D’où vient donc l’intérêt, le charme puissant avec lequel ceci se contemple ? Ce n’est là pourtant ni le pittoresque, ni la demeure possible de l’homme, ni même une merveille de gigantesque pour l’œil qui a vu les astres, ou pour l’esprit qui conçoit l’univers ! La nouveauté sans doute, pour des citadins surtout, l’aspect si rapproché de la mort, de la solitude, de l’éternel silence ; notre existence si frêle, si passagère, mais vivante et douée de pensée, de volonté et d’affection, mise en quelque sorte en contact avec la brute existence et la muette grandeur de ces êtres sans vie, voilà, ce semble, les vagues pensers qui attachent et qui secouent l’âme à la vue de cette scène et d’autres pareilles.
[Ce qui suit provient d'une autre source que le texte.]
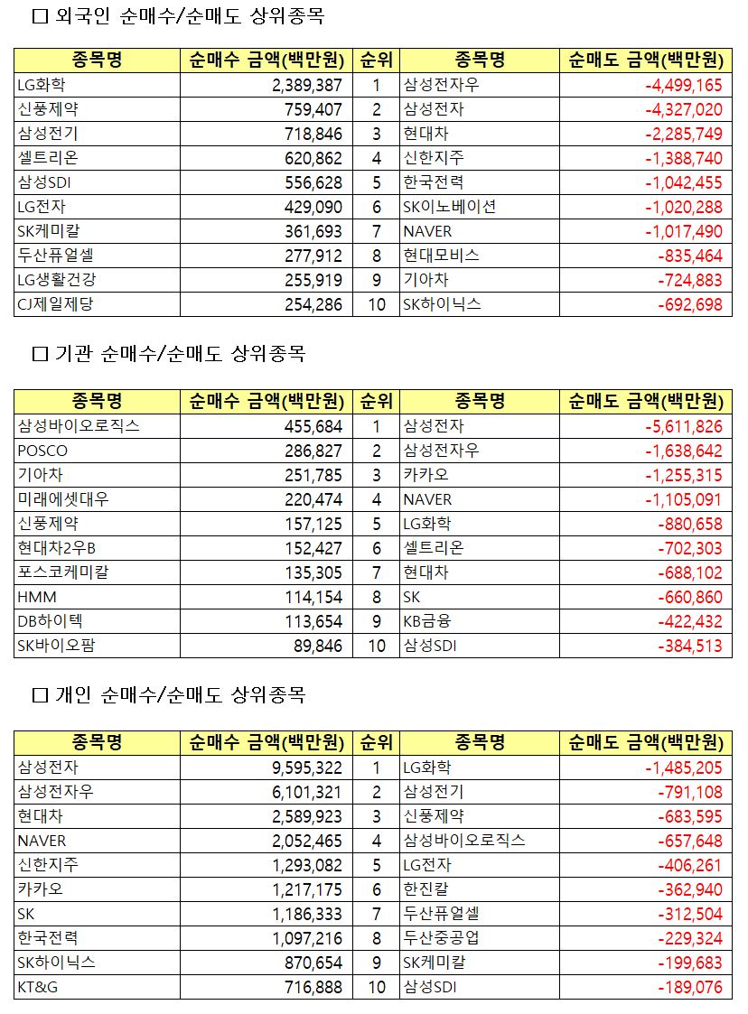 7. 외국인 LG화학, 기관 삼성바이오로직스, 개인 삼성전자 순매수!

Plus bas, en effet, la reproduction, le changement, le renouvellement nous entourent ; le sol actif et fécond se recouvre éternellement de parure ou de fruits, et Dieu semble approcher de nous sa main pour que nous y puisions le vivre de l’été et les provisions de l’hiver ; mais ici où cette main semble s’être retirée, c’est au plus profond du cœur que l’on ressent de neuves impressions d’abandon et de terreur, que l’on entrevoit comme à nu l’incomparable faiblesse de l’homme, sa prochaine et éternelle destruction, si, pour un instant seulement, la divine bonté cessait de l’entourer de soins tendres et de secours infinis. Poésie sourde mais puissante, et qui, par cela même qu’elle dirige la pensée vers les grands mystères de la création, captive l’âme et l’élève. Aussi, tandis que l’habituel spectacle des bienfaits de la Divinité tend à nous distraire d’elle, le spectacle passager des stérilités immenses, des mornes déserts, des régions sans vie, sans secours, sans bienfaits, nous ramène à elle par un vif sentiment de gratitude, en telle sorte que plus d’un homme qui oubliait Dieu dans la plaine s’est ressouvenu de lui aux montagnes.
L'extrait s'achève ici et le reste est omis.